Data>
# # # # #

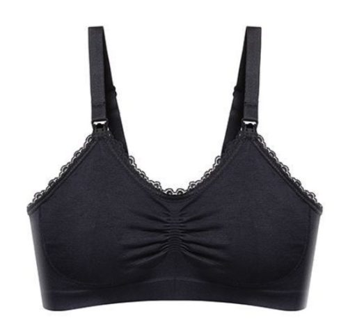 Kényelmes szoptatós melltartó, fekete színben. Antibakteriális bőrvédő anyagból készült. A csipke elegánssá és dekoratívvá teszi a melltartót.
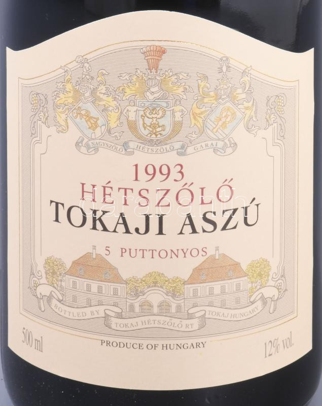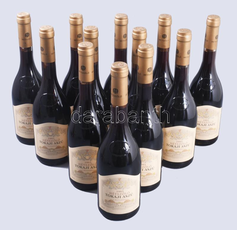 1993 Hétszőlő 5 puttonyos Tokaji Aszú, 12 db bontatlan palack édes desszertbor, eredeti kartondobozban, pincében tárolt, 12%, 12x0,5l.
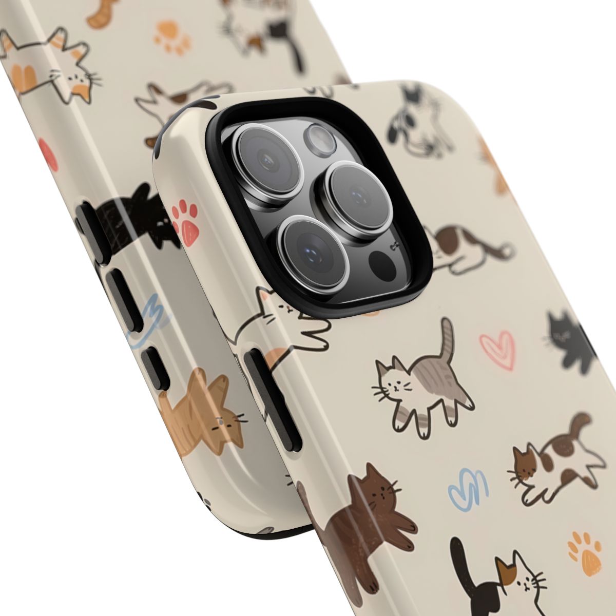 Celebrate your love for feline friends with this adorable phone case featuring a charming array of playful cats in various colors and patterns. Designed for durability and style, this case not only protects your phone from scratches and drops but also showcases a delightful and whimsical design that cat enthusiasts will adore. The light background highlights the fun cat illustrations, making it a perfect accessory for anyone who wants to add personality to their device. Ideal for gifts or personal use, this phone case combines protection with playful artistry.
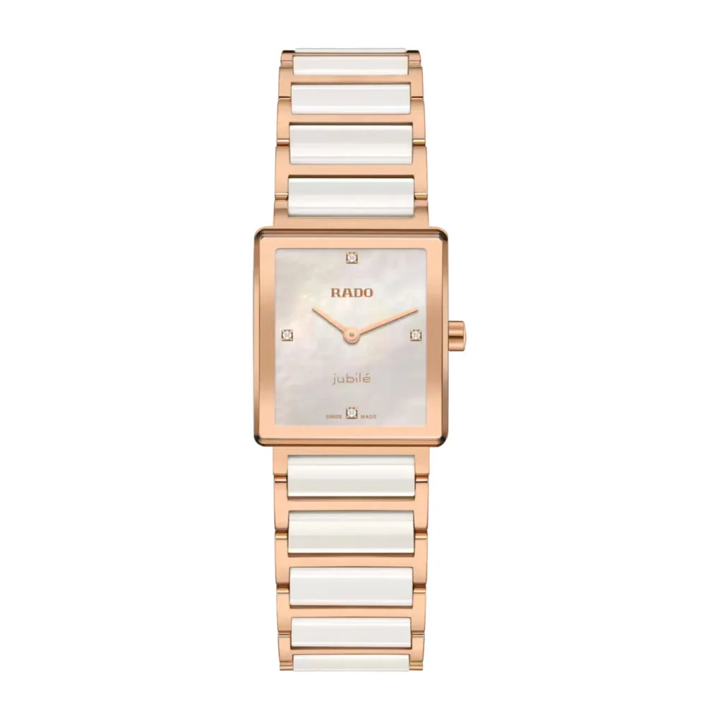 Ein Blick genügt, um die Rado Integral zu erkennen: ikonisches Design, ein puristisches Zifferblatt und ein schlankes, rechteckiges Gehäuse aus poliertem roségoldfarbenen PVD-Edelstahl. Und doch hebt sich dieses Modell durch sein schimmerndes Perlmutt-Zifferblatt, roségoldfarbene Zeiger und eine roségoldfarbene Metallisierung deutlich hervor. Das leicht verjüngte Armband aus Edelstahl mit roségoldfarbener PVD-Beschichtung und Gliedern aus polierter weisser Hightech-Keramik ist perfekt auf die harmonischen Proportionen des rechteckigen Gehäuses abgestimmt. Unübertroffener Stil und Komfort vereinen sich im entspiegelten, randlos gewölbten und facettierten Saphirglas, unter dem das Zifferblatt seine volle Strahlkraft entfaltet. Das minimalistische Design trifft auf das robuste R209 Quarzuhrwerk, das für eine zuverlässige Zeitmessung sorgt. Das Saphirglas und die Hightech-Keramikglieder vereinen luxuriösen Tragekomfort mit raffiniertem Design. Die Wölbung des Glases setzt sich im Armband fort, das sich sanft an die Rundung Ihres Handgelenks schmiegt. Der Inbegriff von Stil und Eleganz: die Rado Integral in Weiss und Roségoldfarben, veredelt durch ein Zifferblatt aus schimmerndem Perlmutt.

# # # # #

Work request> Your answer should contain only the lines from the beginning of the listing above through the line with "1993 Hétszőlő 5", copied exactly and without the pictures.

Exercise solution>
 Kényelmes szoptatós melltartó, fekete színben. Antibakteriális bőrvédő anyagból készült. A csipke elegánssá és dekoratívvá teszi a melltartót.
 1993 Hétszőlő 5 puttonyos Tokaji Aszú, 12 db bontatlan palack édes desszertbor, eredeti kartondobozban, pincében tárolt, 12%, 12x0,5l.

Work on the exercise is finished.